**Assignment**
Take the lines from the beginning of the material through the line containing "Домодедово). | Фото: 7z5.ru." and retype them exactly, leaving the pictures out.

**Data shown**
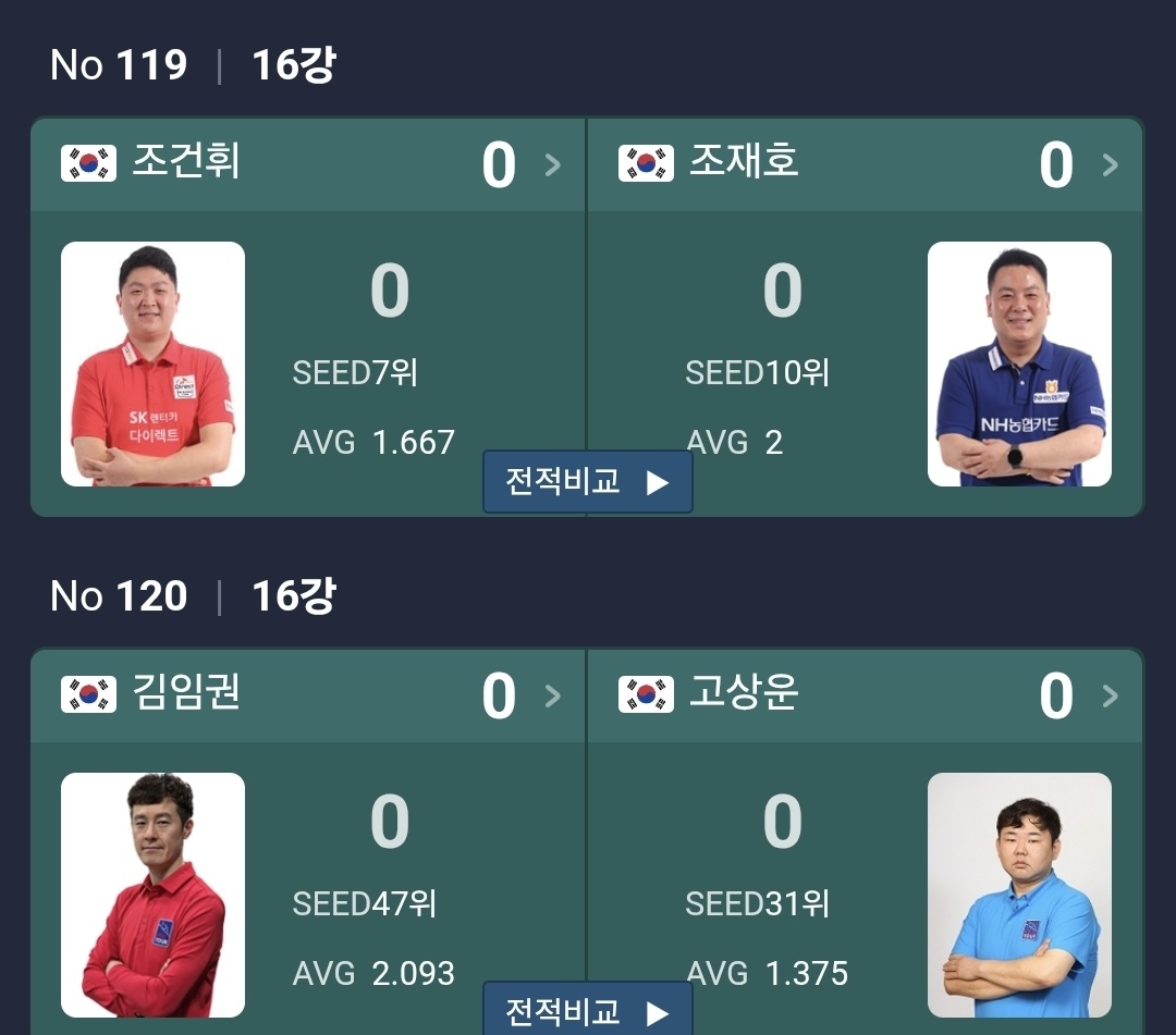 김임권, 고상운, 노병찬, 고경남, 신남호, 이충복, 김종원 선수 더 분발해서 상금이 더 많은 다음 라운드로 진출하면 좋겠습니다. 일단 4강 준결승에 진출을해야 상금 1천만원을 확보하게 됩니다.
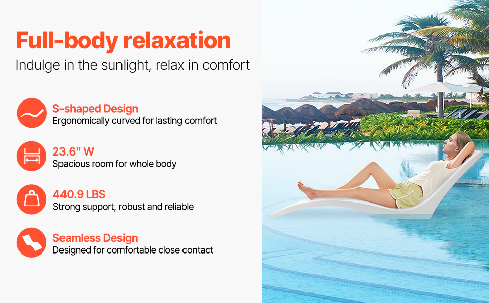 Ready for summer? This pool chaise chair features an S-shaped design for spine support, ensuring comfort whether lying flat or sideways. Made of durable, easy-to-clean PE material, it withstands yellowing and aging. Its stylish design suits both residential and commercial pools.
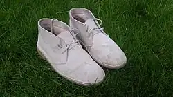 They are sometimes considered light boots, and can essentially be considered a subset of chukka boots or desert boots although vellies tend to have a lower topline.[2] Veldskoene soles are sometimes cut from old car tyres rather than crepe rubber; the leather used varies with local supply. In Namibia, kudu and seal leather is commonly used.[3]
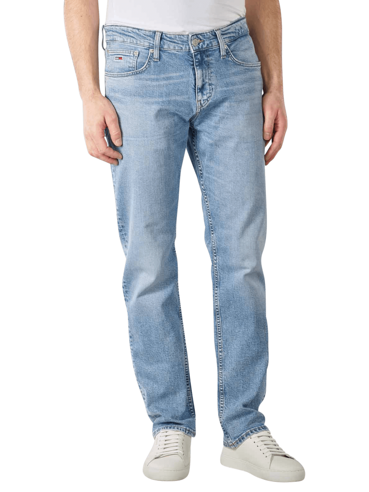 Die Tommy Jeans Ryan Regular Straight ist eine coole Basic Jeans. Sie hat eine tolle Waschung und sitzt locker und bequem. Die Passform der Five Pocket Jeans ist Straight Fit. Durch den mittelhohen Bund und das gerade Bein entsteht eine schlanke Silhouette.
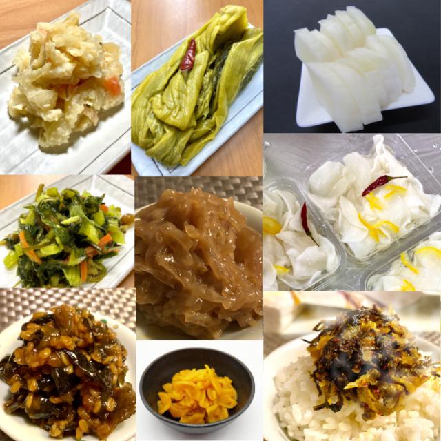| 内容量 | 切れてる奈良漬→130g つぼ漬→110g もろみなす→150g 野菜の粕漬け→150g ゆず大根→140g 野沢菜なめこ昆布→150g べったら漬け→ハーフ1本 古高菜漬け→200g 辛子高菜→125g 辛子明太高菜→115g |
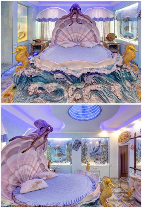 В апартаментах «Лагуна» можно оказаться в окружении морских обитателей и выспаться в уютной раковине (Отель «Замок снов», г. Домодедово). | Фото: 7z5.ru.
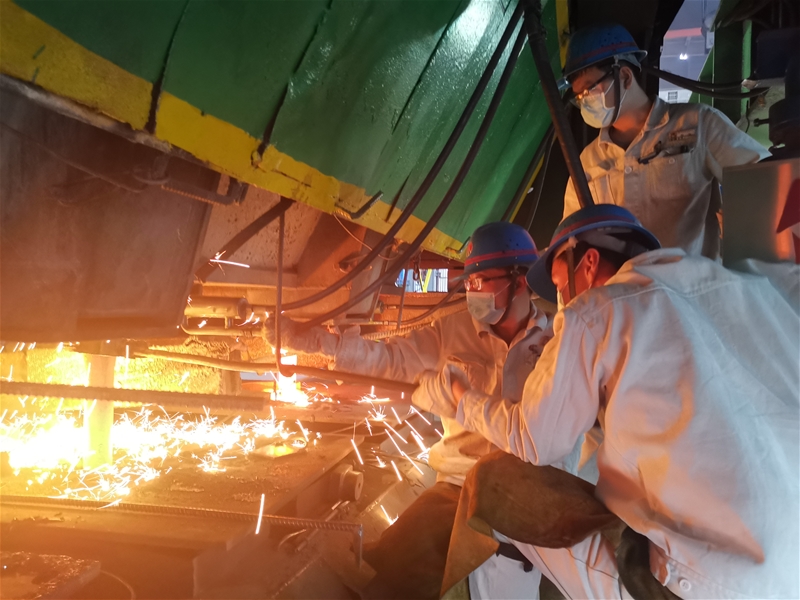該單位充分發揮科技創新,專業引領作用,緊盯挖潛增效、工藝優化和指標提升,大力宣貫“人人是主體,崗崗是平臺”的思想,鼓勵自主創新創效,有序開展“一計一策一事”、創新創效等攻關活動,增加人員參與度,集智聚力。建立不同合金價格下的合金優化體系,形成硅錳鈮釩、硅錳釩氮、微氮釩、微氮鈮四大合金優化系列,緊抓市場行情,結合不同廢鋼料型的特點及加入后對轉爐操作的影響,通過大數據核算,建立廢鋼效益測算表和不同噸位入爐廢鋼的最佳配比控制模式,指導廢鋼進購。對熔劑進行綜合評定,構建新形勢下“經濟冶煉”模式,加快推進煉鋼自動化,將轉爐自動化冶煉、連鑄無人化澆鑄、鋼坯目視化定重、自動化推鋼、高效連鑄、廢鋼智慧管控、熔融金屬“物防”技術研究等項目重點推進,強化自身硬實力,打造“禹龍”品牌新名片。2020年,馮建斌省級大師工作室榮獲“全國機冶建材行業示范性創新工作室”;5#連鑄機推鋼班榮獲 “全國工人先鋒號”。
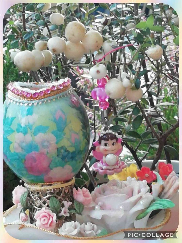 真珠の木🌲の下で真珠を持ったペコちゃんが皆様の健康と幸せを祈ってます✨🍀(💗 •͈ᴗ•͈)🍀✨
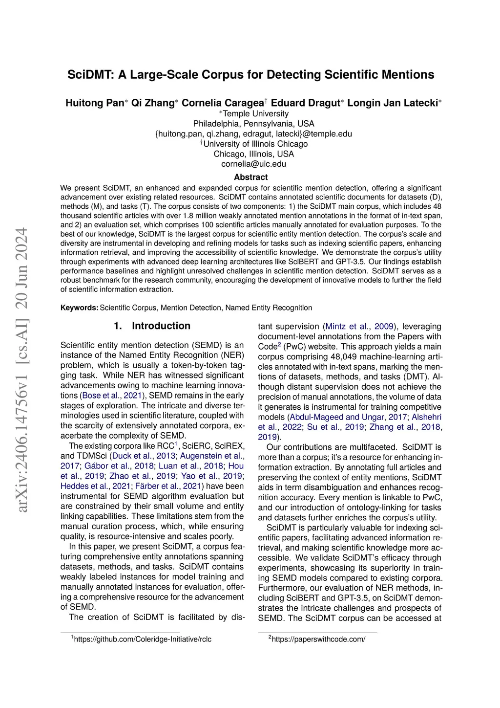 SciDMT: A Large-Scale Corpus for Detecting Scientific Mentions
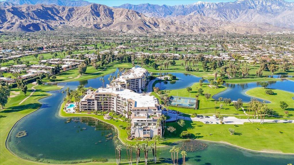 Stunning views from the third-floor end unit of the most sought after location (Building 900) in Desert Island Country Club. Lake, mountains and golf course views. Open floor plan, high ceilings, floor to ceiling glass, extra-large covered patio. Ample storage space in the unit with additional personal storage located in the underground parking garage. HOA dues include cable, wi-fi, water, gas, electrical (includes AC), building insurance, roof, 24-hour security, clubhouse, fitness center, pool, spa, tennis & pickleball courts, paddle boats and common area maintenance. Desert Island offers golf memberships and is centrally located for easy commute to Palm Springs and Palm Desert.
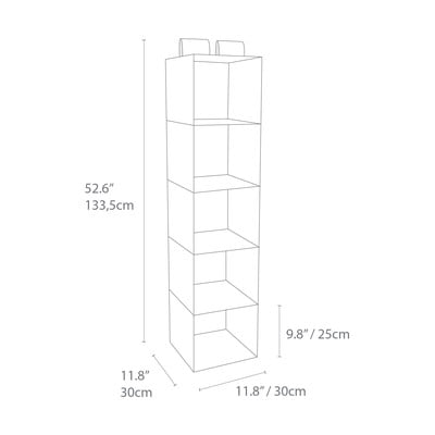 Praktični viseči organizator vam s petimi predali pomaga shraniti oblačila. Idealen je za obešanje v omari. Izdelan je iz kartona in trpežnega poliestra. Trdno se drži zaradi zapenjanja z velkro trakom. Izdelek lahko po potrebi kadar koli zložite, da prihranite prostor.
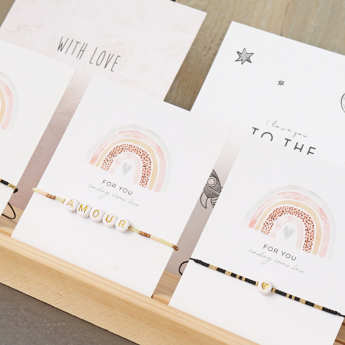 Are you completely in love with those cute minimalist bracelets with beads? Shop the latest trendy Miyuki bracelets with letter beads now. These bracelets are made of macramé bead cord, Miyuki beads and letter beads. Each bracelet has a sliding macramé button. This allows you to adjust the size of the bracelets. The bracelets each have their own text with letter beads and they are available in two different colours. Tip: they are also very nice to combine with other bracelets or to present/gift them on a jewellery card.
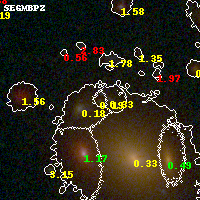 Object #772 x,y = (2109, 2115) RA, Dec = (01:37:26.712, -8:27:44.64) = (24.36130, -8.46240) BPZ = 0.189 [0.082--4.064] type = 3.50 (Ell4_A_0 - Ell5_A_0) chisq2 = 0.22 ODDS = 0.63 z_cluster = 0.566
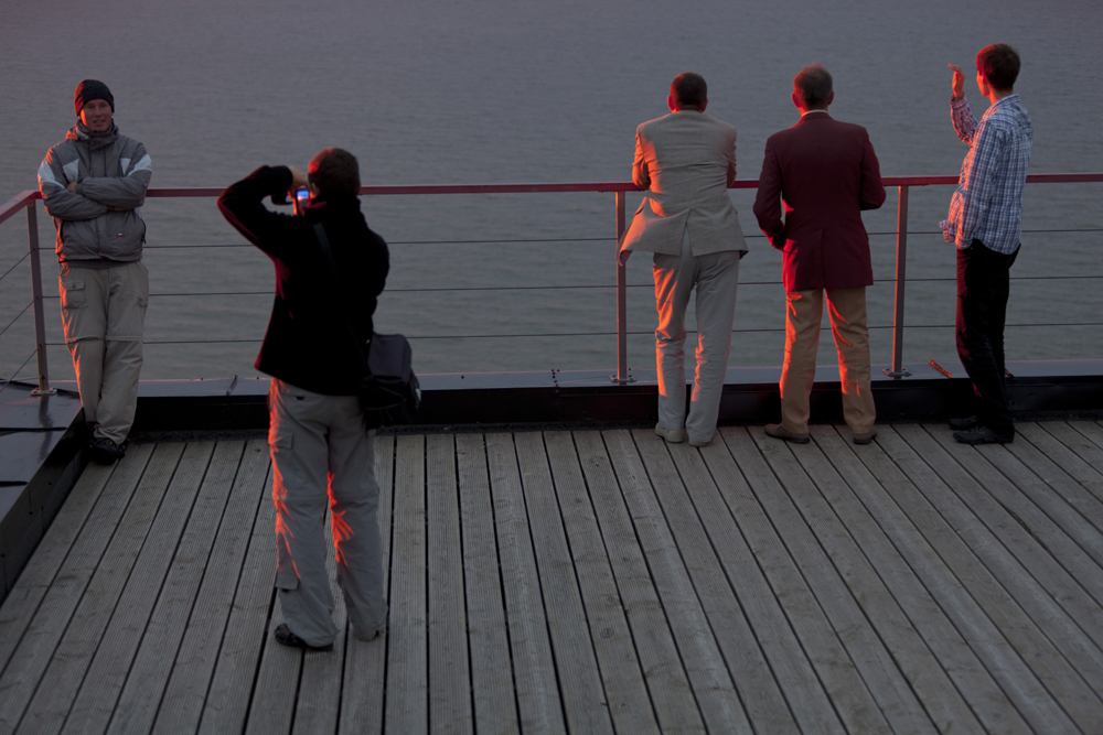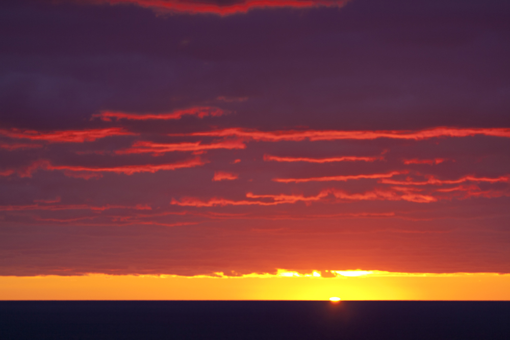 Ylhäällä ihailemme muutaman keski-eurooppalaisen kanssa upeaa iltataivasta auringon painuessa Suomenlahteen.
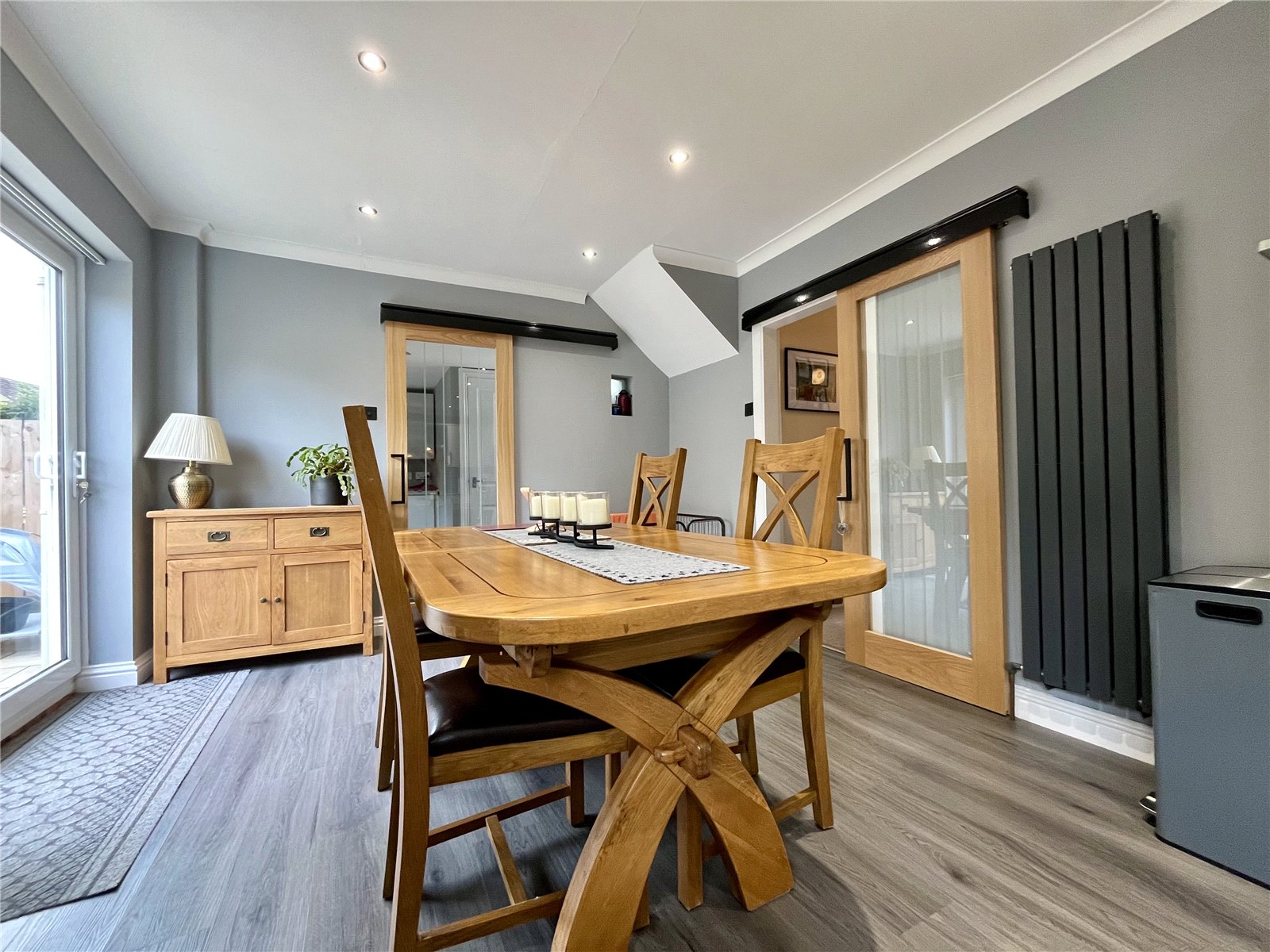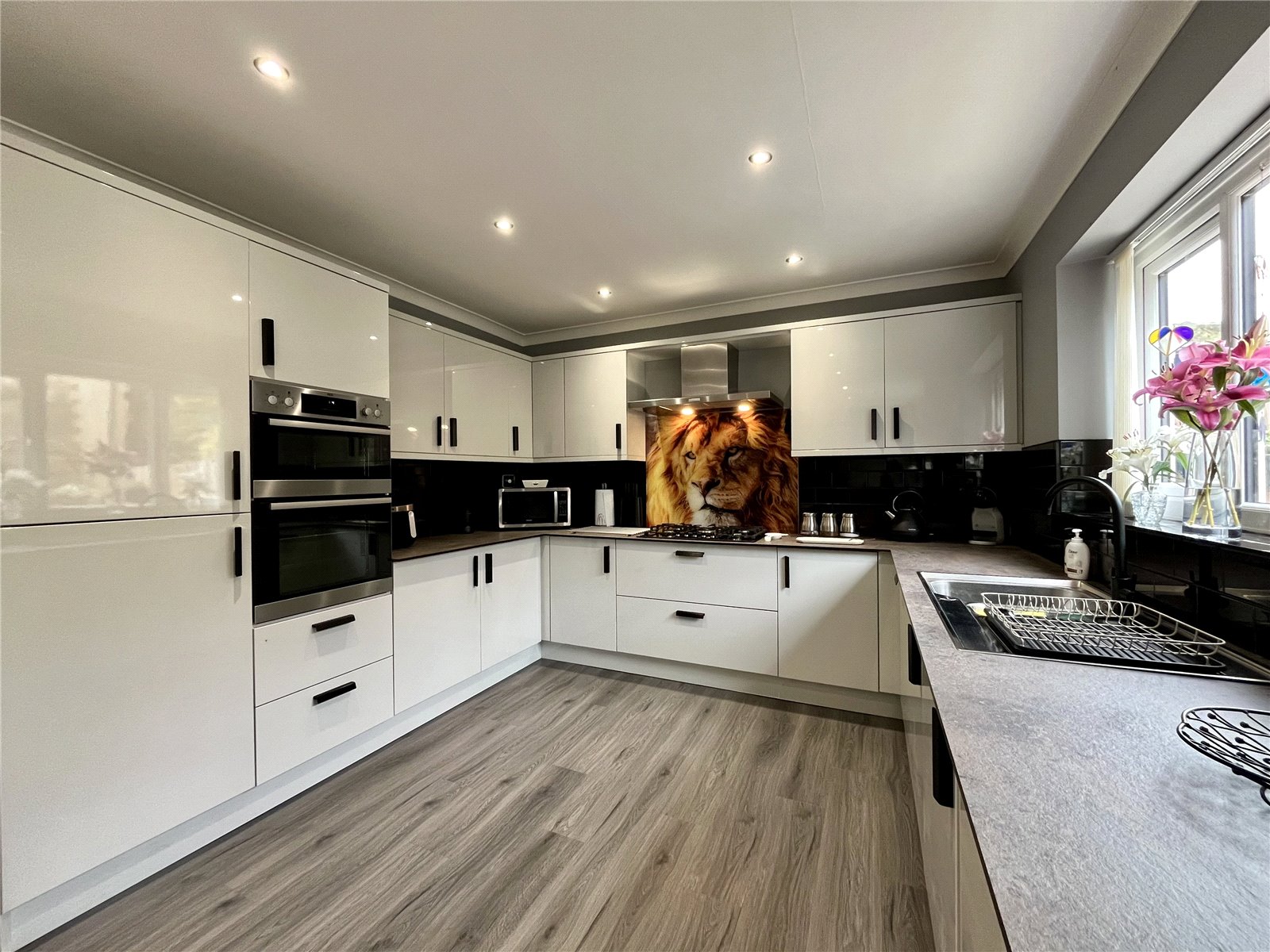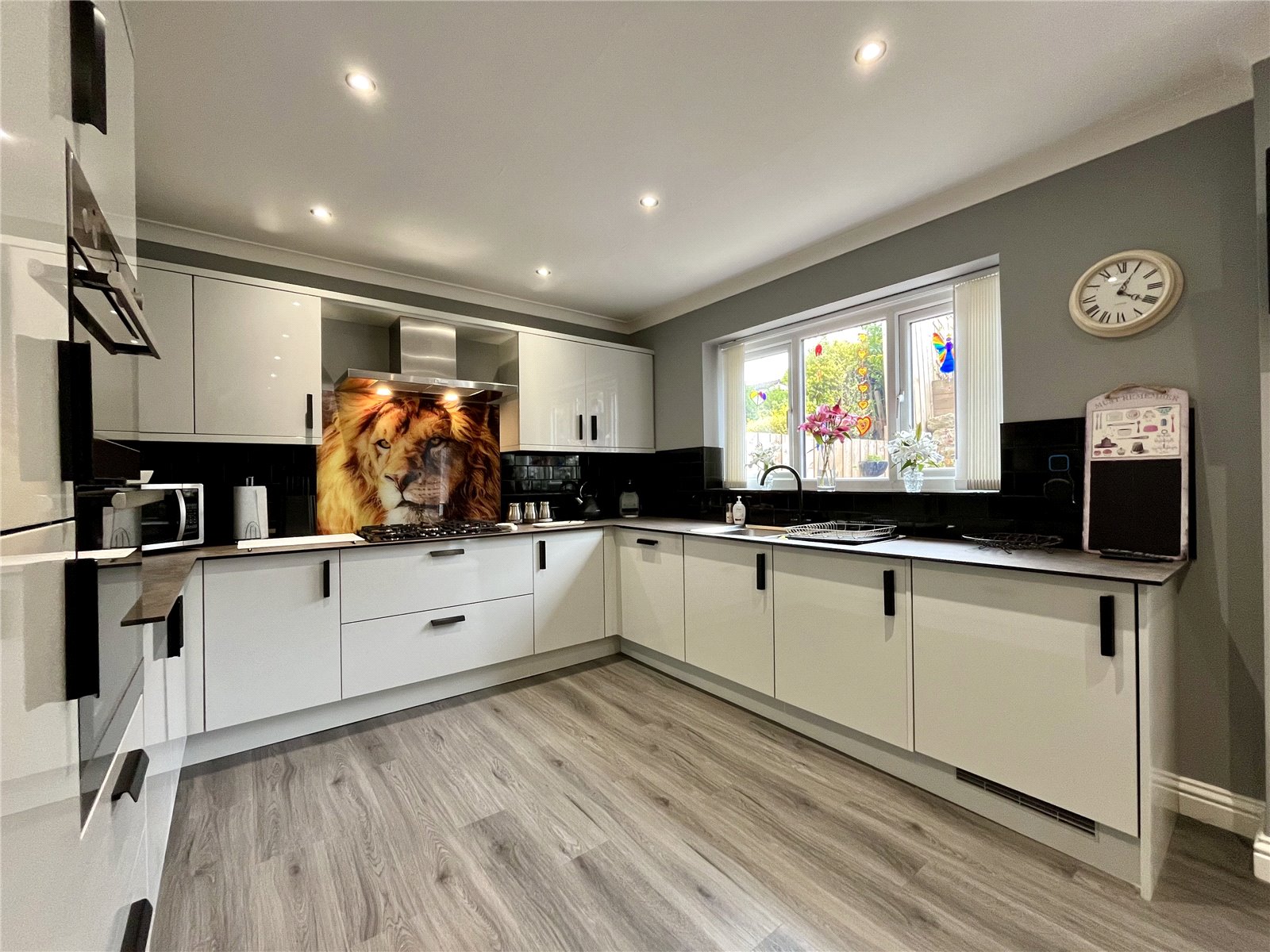A generous sized room, the kitchen end has fitted wall and floor cabinets in high gloss finish with worktops incorporating a one and a half stainless steel sink with single drainer and mixer tap over. Five gas hob cooker with stainless steel extractor canopy above, built-in double ovens and attractive tiled splash backs. Integrated fridge and freezer and dishwasher, all with matching fascias. The integrated washing machine and tumble dryer will be removed. Spacious dining area with sliding patio door to outside.

**Solution below**
 김임권, 고상운, 노병찬, 고경남, 신남호, 이충복, 김종원 선수 더 분발해서 상금이 더 많은 다음 라운드로 진출하면 좋겠습니다. 일단 4강 준결승에 진출을해야 상금 1천만원을 확보하게 됩니다.
 Ready for summer? This pool chaise chair features an S-shaped design for spine support, ensuring comfort whether lying flat or sideways. Made of durable, easy-to-clean PE material, it withstands yellowing and aging. Its stylish design suits both residential and commercial pools.
 They are sometimes considered light boots, and can essentially be considered a subset of chukka boots or desert boots although vellies tend to have a lower topline.[2] Veldskoene soles are sometimes cut from old car tyres rather than crepe rubber; the leather used varies with local supply. In Namibia, kudu and seal leather is commonly used.[3]
 Die Tommy Jeans Ryan Regular Straight ist eine coole Basic Jeans. Sie hat eine tolle Waschung und sitzt locker und bequem. Die Passform der Five Pocket Jeans ist Straight Fit. Durch den mittelhohen Bund und das gerade Bein entsteht eine schlanke Silhouette.
| 内容量 | 切れてる奈良漬→130g つぼ漬→110g もろみなす→150g 野菜の粕漬け→150g ゆず大根→140g 野沢菜なめこ昆布→150g べったら漬け→ハーフ1本 古高菜漬け→200g 辛子高菜→125g 辛子明太高菜→115g |
 В апартаментах «Лагуна» можно оказаться в окружении морских обитателей и выспаться в уютной раковине (Отель «Замок снов», г. Домодедово). | Фото: 7z5.ru.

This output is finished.